Опять я не угодил, будь ты не ладна!

В конце концов, не существует указов, как начинать есть рыбу. Кто начинает с хвоста, кто с головы. Дело вкуса. Я предпочитаю начинать с хвоста.

Раз Шиманов вне конкурса претендовал на роль гвоздя в будущей статье, всё ведь крутилось вокруг него, я и приди к нему после встреч со всеми остальными. Пришёл уточнить слышанное.

– У вас есть, – говорю, – прекрасная возможность разбить все нападки на вас. Говорите. Я попробую вас понять… Однако сразу замечу, с кем я ни разговаривал порознь, конечно, все сходятся во мнении: пристрастно ведёте вы следствие.

– Этими агентурными данными меня не удивите. Веду как могу.

– Сложилось впечатление, что вы хотите представить Фёдора как отпетого бандюгу…

– Что вы! Спиридонов сама святость, ангел с крылышками. Хорош ангелочек! Рыдает по нём Колыма!

– Спиридонов мне ни брат ни сват. Я его не видел, я его не слышал. Я только послушал тех, кто знает его и, верите, – да простите мне сентиментальность, – я влюбился в этого парня. Меня потянуло разобраться, что же такого преступного выкинул он.

– Вы всё уяснили, как он покуражился над так называемой любимой девушкой?

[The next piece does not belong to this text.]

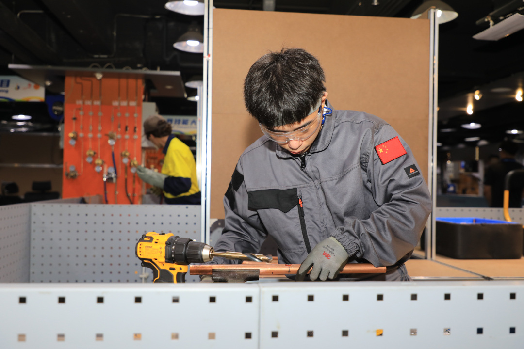 制冷与空调项目中国选手阮康在比赛中。

– Не рановато ли иронизируете? Парню двадцать четыре. Работает и учится. Ходит в десятый класс вечерней школы. Учится ещё заочно в лесном техникуме. Много вы таких собранных, цельных ребят встречали? Я думаю, будь он отпетый шалопай, не бросились бы школа и финотдел так ревниво защищать его. Было специальное открытое комсомольское собрание. Были те, с кем Фёдор работал, с кем учился. Собрание направило в райком целую петицию, под которой поставили подписи тридцать пять человек. Все, кто был на собрании! Они просили бюро райкома ходатайствовать о прекращении следствия. Райком отправил петицию в «Комсомолку».

– Ну что петиция? Что подписи? Выгораживают дружка!

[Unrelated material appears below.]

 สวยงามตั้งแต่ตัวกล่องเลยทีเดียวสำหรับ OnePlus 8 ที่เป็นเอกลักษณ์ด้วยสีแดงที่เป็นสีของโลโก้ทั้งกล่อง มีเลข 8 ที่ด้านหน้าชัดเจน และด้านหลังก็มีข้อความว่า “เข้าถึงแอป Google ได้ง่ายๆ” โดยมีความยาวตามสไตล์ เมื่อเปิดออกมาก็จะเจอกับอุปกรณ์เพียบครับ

– Вы слишком много тратите энергии на то, чтоб представить дело так, будто Фёдор и Лидия незнакомы… Третий год сидят за одной партой, помогают друг дружке в учебе и, по словам одноклассников, везде, везде вместе.

– Это ещё не доказательство.

– Живут на одной площадке. Дверь в дверь.

– Тоже не доказательство.

– Наконец, их родители сообща выписывают на две семьи газеты, журналы. Тоже не доказательство? Всё равно Фёдор и Лида незнакомы?

– Одно есть точное доказательство. Она несовершеннолетка. Ей нет восемнадцати. А это образцовому комсомольцу обойдётся дороговато. Насилие у нас…

– Вы хотите сказать, что у них была любовь с криком?

– Лично я никакого крика не слышал. Я просто говорю, что на сегодняшний день насилие котируется прилично. Грустных лет пятнадцать придётся ангелу, как говорится, взять в клеточку…

– У вас есть заключение судмедэксперта?

– Заявление пострадавшей…

– А у меня, могу поделиться, есть заключение судмедэксперта Гордецова. Никаких признаков насилия! Это Гордецов заявит и на суде, если дело дойдёт до суда. Так мне сказал сам Гордецов.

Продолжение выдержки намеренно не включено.